# [RAW DATA]
= Beginning of Section =
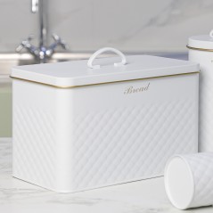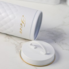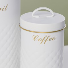 Donnez une touche chic et ordonnée à votre cuisine avec ce set de 5 boîtes en métal blanc. Chaque boîte est dédiée à un usage précis : pain, sucre, biscuits, café et thé. Leur design élégant avec motifs en relief et inscriptions dorées apporte une note raffinée tout en garantissant une conservation optimale de vos aliments.
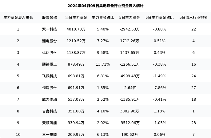 从主力资金流向来看,风电设备行业今日主力资金流入8.33亿元,在所有申万二级行业中排名:20/131。
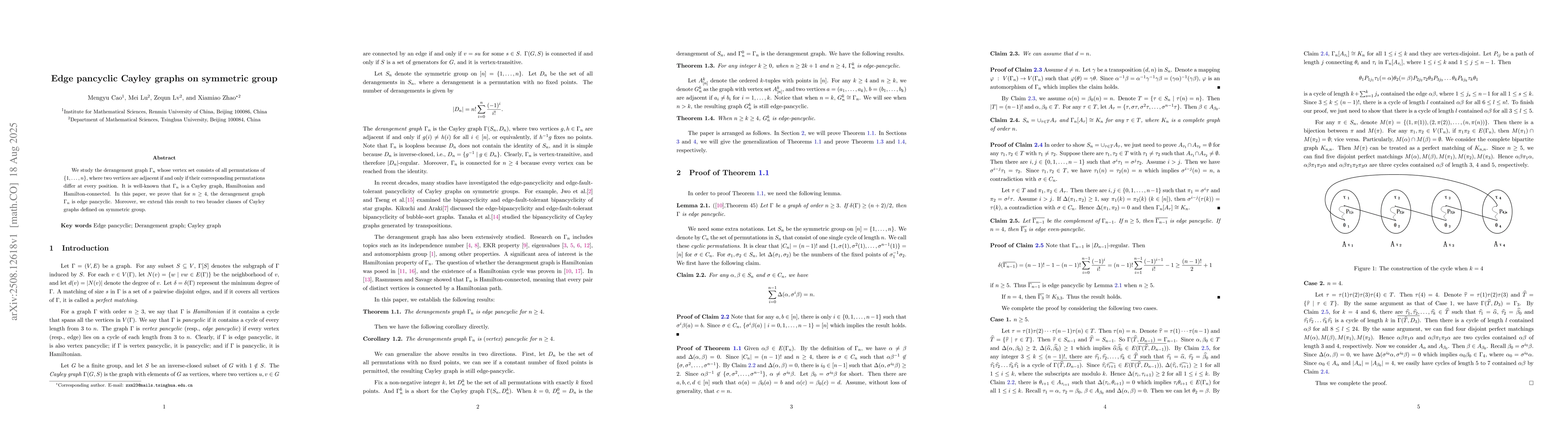 We study the derangement graph $\Gamma_n$ whose vertex set consists of all permutations of $\{1,\ldots,n\}$, where two vertices are adjacent if and only if their corresponding permutations differ at every position. It is well-known that $\Gamma_n$ is a Cayley graph, Hamiltonian and Hamilton-connected. In this paper, we prove that for $n \geq 4$, the derangement graph $\Gamma_n$ is edge pancyclic. Moreover, we extend this result to two broader classes of Cayley graphs defined on symmetric group.
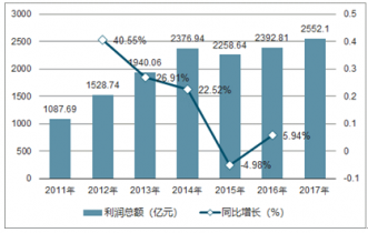 2011-2017年環(huán)保設(shè)備行業(yè)利潤總額變化情況(億元)
= End of Section =
# [DIRECTIONS FOR THIS TASK]
Return all of the material exactly, without pictures.

# [WRITTEN RESPONSE]
 Donnez une touche chic et ordonnée à votre cuisine avec ce set de 5 boîtes en métal blanc. Chaque boîte est dédiée à un usage précis : pain, sucre, biscuits, café et thé. Leur design élégant avec motifs en relief et inscriptions dorées apporte une note raffinée tout en garantissant une conservation optimale de vos aliments.
 从主力资金流向来看,风电设备行业今日主力资金流入8.33亿元,在所有申万二级行业中排名:20/131。
 We study the derangement graph $\Gamma_n$ whose vertex set consists of all permutations of $\{1,\ldots,n\}$, where two vertices are adjacent if and only if their corresponding permutations differ at every position. It is well-known that $\Gamma_n$ is a Cayley graph, Hamiltonian and Hamilton-connected. In this paper, we prove that for $n \geq 4$, the derangement graph $\Gamma_n$ is edge pancyclic. Moreover, we extend this result to two broader classes of Cayley graphs defined on symmetric group.
 2011-2017年環(huán)保設(shè)備行業(yè)利潤總額變化情況(億元)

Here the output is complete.